Contoh Buku Anak-anak Berunsur Fiktif
(Sumber Gambar : Dokumentasi Pribadi)
Tesuko-san juga sempat merilis sekuelnya dengan judul Anak-Anak Totto-chan : Perjalanan untuk Kemanusiaan Anak-anak Dunia (Totto-chan’s
Children: A Goodwill Journey for The Children of The World) (2010) yang mana
menceritakan pengalaman Totto-chan setelah dewasa sebagai Tetsuko Kuroyanagi,
yang melakukan perjalanan kemanusiaan untuk memantau anak-anak yang kurang
kasih sayang dan butuh perlindungan.
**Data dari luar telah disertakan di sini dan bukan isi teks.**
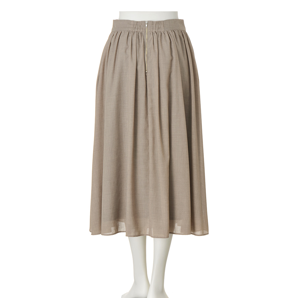 MINIMAL CHIC私らしさが輝く洗練ベーシックシンプルだから際立つ研ぎ澄まされた洗練とセンスが光る拘りで、着ればたちまちお洒落な印象に!やっぱり頼りになる上質王道アイテム。べーシックなアイテムこそ、素材の上質感とさりげないディテールが映えるもの。サラサラと肌を流れる風合いが気持ちの良いギャザースカートは、ウール混カバーリング糸を織り上げた繊細なシアーボイル生地。ウエストベルトは幅を広くとり、後ろ中央のゴムギャザーで安定感のあるはき心地に。あえてムシ見せ仕様にしたメタルファスナーが、さりげなく存在感を放って。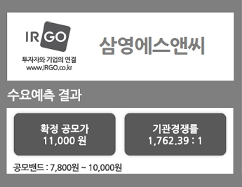 삼영에스앤씨가 수요예측에서 확정공모가 10,000원으로 무사히 수요예측을 마무리 하였습니다.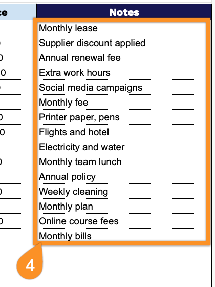 - Notes column for added context: The rightmost column provides a free-text Notes field on every row, giving you space to add vendor names, approval references, payment dates, or any other relevant details that provide context beyond the core cost figures.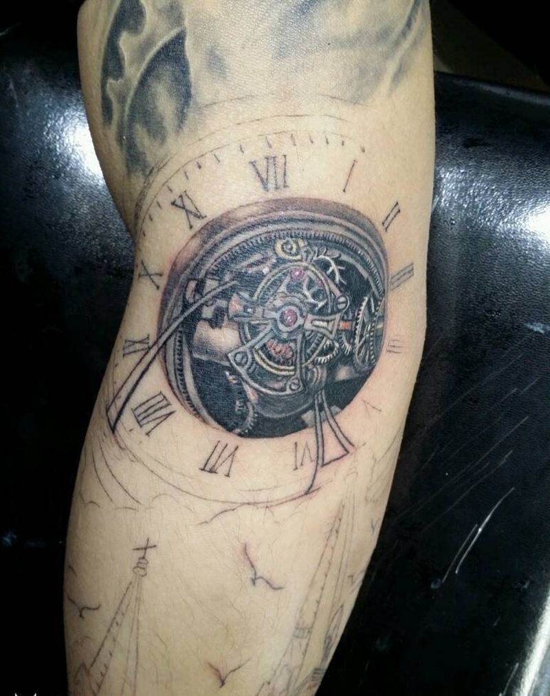 当前位置: 首页 >山西省太原市纹身店-太原翼龙刺青工作室纹身图案>陀飞轮纹身图片_手臂欧美写实静物成品手稿插画纹身图案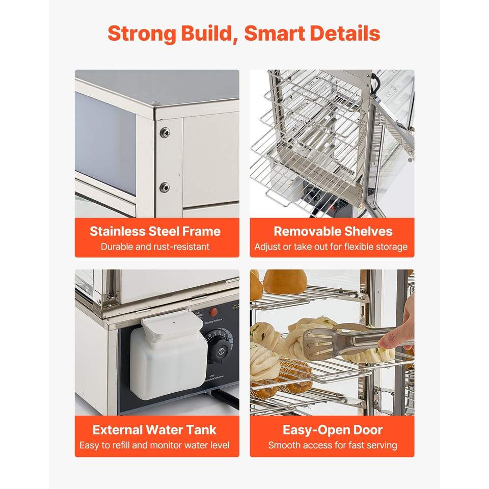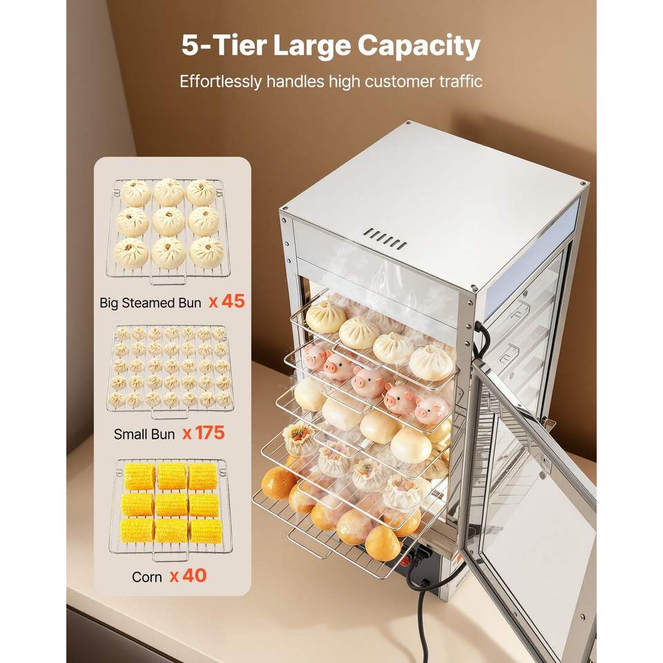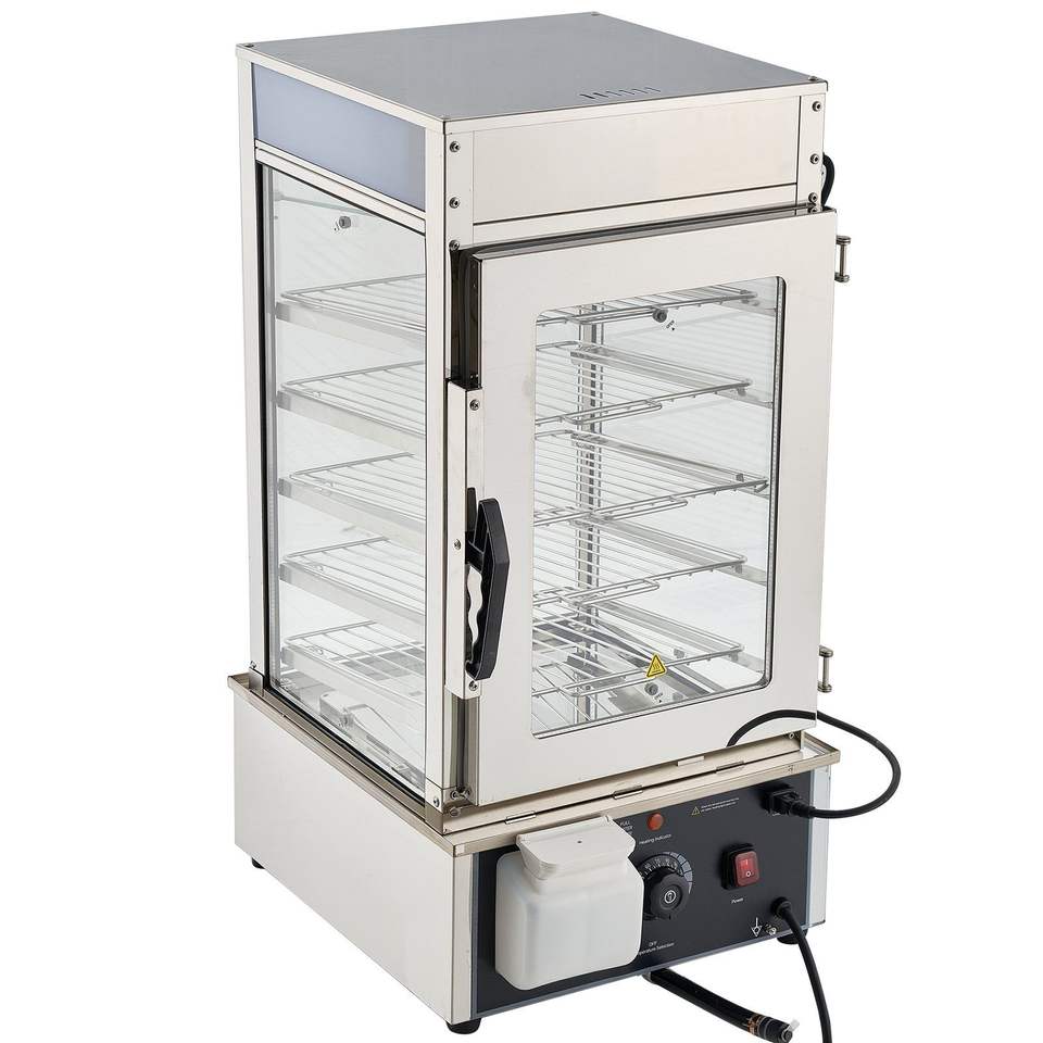 Espositore Riscaldato per Alimenti a 5 Ripiani in Acciaio Inox, 1200W, Luce LED, Ripiani Regolabili, 86 Pollici

Dibandingkan buku sebelumnya, konten Anak-anak Totto-chan cenderung lebih berat dengan foto-foto nyata hasil dokumentasi
yang menjadikan buku ini semacam jurnal perjalanan.
Buku Anak-Anak
Totto-chan : Perjalanan untuk Kemanusiaan Anak-anak Dunia
(Totto-chan’s Children:
A Goodwill Journey for The Children of The World)
(Sumber Gambar: Dokumentasi Pribadi)
Di masa sekarang pun, tentu kita
sudah sering melihat anak-anak-dari berbagai
tempat- yang ironisnya--oleh orang-orang yang lebih tua-- kurang
dipandang sebagai manusia. Belum lagi mereka yang diajak untuk terlibat dalam
angkatan bersenjata, bekerja keras mencari nafkah, kelaparan, atau dipaksa melakukan
perbuatan asusila lainnya yang semestinya tidak mereka lakukan. Seolah-olah,
mereka tidak mendapatkan tempat sebagaimana mestinya seorang manusia yang harus
dijaga, dihargai dan perlu mendapatkan perhatian khusus dari sekitarnya untuk
dapat meningkatkan potensi mereka sebagai seorang manusia sejati di masa depan.
Bukankah semestinya kita semua mengetahui,
bahwa setiap anak adalah unik, adalah manusia kecil-manusia kecil yang jika diperlakukan
dengan baik maka akan tumbuh menjadi sebaik-baiknya manusia?